Gross: Ich sehe mich in diesem Zusammenhang nicht für schuldig. Weil das ist, bitteschön, ich kann mich ja an diese Zeit nicht mehr erinnern. Aber jedenfalls war das zu einem Zeitpunkt, wo ich beim Militär war und wo ich nur auf Genesungsurlaub war. Ich war ja lange Zeit im Lazarett. Also ich hab da mein Gehalt bezogen, ich habe drei Kinder schon gehabt. Da hat mich der Anstaltsleiter, der Illing, gebeten, ob ich nicht in dieser Zeit für ihn was machen könnte auf der Abteilung. Und soweit ich mich erinnere, hat das lediglich umfaßt, die Krankengeschichten zu schreiben. Aber keine Behandlung selbst vorzunehmen. Ich war ja nur kurze Zeit dort. Bin ja dann wieder an die Front gekommen.

STANDARD: Haben Sie für die Krankengeschichten auch Diagnosen gestellt?

Gross: Bitte schön, ich kann mich nicht erinnern.

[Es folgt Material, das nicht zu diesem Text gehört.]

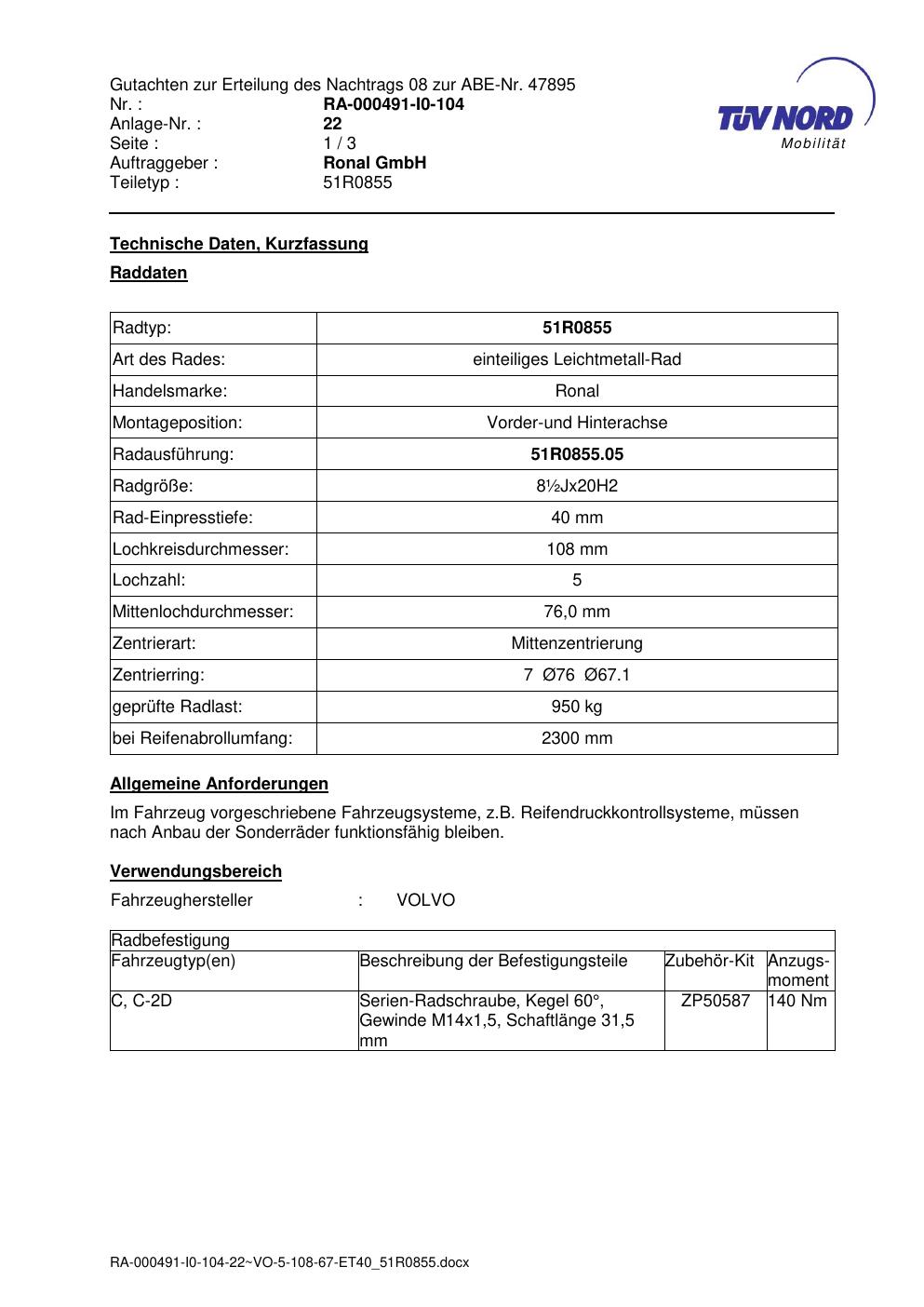 Dieses Gutachten (abe) bezieht sich auf die Alufelge Ronal 51R0855 in der Ausführung ET 0, Mittenloch 0 mm (KBA 47895). Im PDF findest du typischerweise zulässige Reifengrößen, Auflagen/Anbauhinweise und – je nach Dokument – Hinweise zur Eintragung.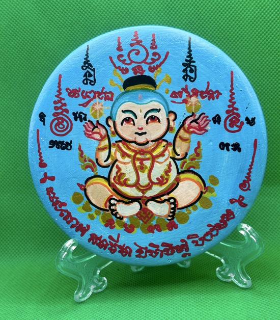 ตัวแผ่นเป็นเนื้อผง ลงสีวาดรูปกุมาร ขนาด เส้นผ่าศูนย์กลาง 4 นิ้วครับ

STANDARD: Wenn Sie behaupten, unschuldig zu sein, wie erklären Sie sich dann, daß Sie jetzt ausgerechnet von jener Ärztin schwer belastet werden, mit der Sie am Spiegelgrund gearbeitet haben?

Gross: Das ist eine eigene Geschichte. Die hat damals gesagt, ich war nix und jetzt sagt sie, ich war was.

STANDARD: Es gibt aber auch Zeugen, die als Kinder am Spiegelgrund waren und Sie ebenfalls schwer belasten.

Gross: Na ja, schwer belasten ist übertrieben. Die sagen, daß sie da Injektionen bekommen haben. Die haben alle Injektionen bekommen.

STANDARD: Was für Injektionen waren das?

Gross: Das waren Beruhigungsinjektionen, die aber gleichzeit einen Brechreiz hervorgerufen haben. Da muß man sagen Speiberlspritzen.

STANDARD: Wie sind die behinderten Kinder behandelt worden?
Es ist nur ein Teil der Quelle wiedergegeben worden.